Marino led me out of the kitchen, leaving the officer to continue questioning Petersen.

"Have you taken your pictures yet?" I asked.

"ID's in there now, dusting everything," he said, referring to the Identification section officers processing the scene. "I told 'em to give the body a wide berth."

We paused in the hallway.

On the walls were several nice watercolors and a collection of photographs depicting the husband's and the wife's respective graduating classes, and one artistic color shot of the young couple leaning against weathered piling before a backdrop of the beach, the legs of their trousers rolled up to their calves, the wind ruffling their hair, their faces ruddy from the sun. She was pretty in life, blond, with delicate features and an engaging smile. She went to Brown, then to Harvard for medical school. Her husband's undergraduate years were spent at Harvard. This was where they must have met, and apparently he was younger than she.

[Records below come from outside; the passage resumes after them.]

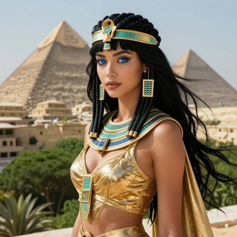 Digital art of an Egyptian woman with black hair, blue eyes, golden top, and blue-green jewelry, standing in front of pyramids.
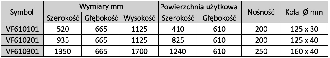 - rodzaj ogumienia: koła pełne z szarej gumy, niebrudzące, z łożyskiem kulkowym z osłoną przeciwwłókienną i osłoną stopy, 2 koła obrotowe z hamulcem EasySTOP i 2 koła stałe
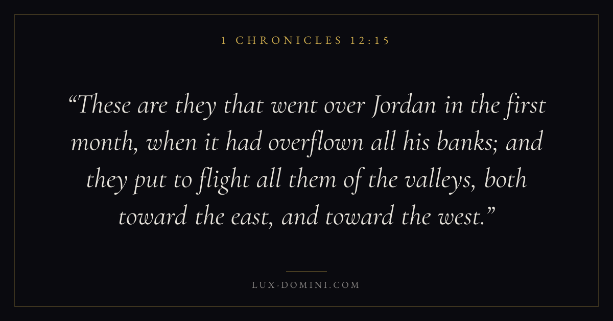These are they that went over Jordan in the first month, when it had overflown all his banks; and they put to flight all them of the valleys, both toward the east, and toward the west.

She. Lori Petersen. Brown. Harvard. Brilliant. Thirty years old. About to have it all realized, her dream. After eight grueling years, at least, of medical training. A physician. All of it destroyed in a few minutes of a stranger's aberrant pleasure.

Marino touched my elbow.

I turned away from the photographs as he directed my attention to the open doorway just ahead on the left.

"Here's how he got in," he said.

It was a small room with a white tile floor and walls papered in Williamsburg blue. There was a toilet and a lavatory, and a straw clothes hamper. The window above the toilet was open wide, a square of blackness through which cool, moist air seeped and stirred the starchy white curtains. Beyond, in the dark, dense trees, cicadas were tensely sawing.